> Exercise details
The span to repeat in the listing below runs from the line containing "Adult female Alabama" to the line containing "occurs. Last season, eggs", inclusive. Repeat it exactly, and only it.

> Provided information
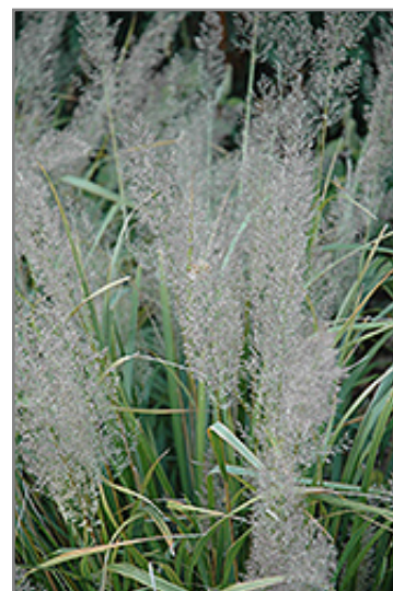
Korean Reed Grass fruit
* * *
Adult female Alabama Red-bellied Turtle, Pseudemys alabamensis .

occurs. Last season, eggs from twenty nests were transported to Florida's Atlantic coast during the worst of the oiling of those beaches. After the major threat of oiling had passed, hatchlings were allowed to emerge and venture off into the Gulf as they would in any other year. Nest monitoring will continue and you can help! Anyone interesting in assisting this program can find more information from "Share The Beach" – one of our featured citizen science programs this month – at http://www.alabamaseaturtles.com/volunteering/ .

> Expected answer
Adult female Alabama Red-bellied Turtle, Pseudemys alabamensis .

occurs. Last season, eggs from twenty nests were transported to Florida's Atlantic coast during the worst of the oiling of those beaches. After the major threat of oiling had passed, hatchlings were allowed to emerge and venture off into the Gulf as they would in any other year. Nest monitoring will continue and you can help! Anyone interesting in assisting this program can find more information from "Share The Beach" – one of our featured citizen science programs this month – at http://www.alabamaseaturtles.com/volunteering/ .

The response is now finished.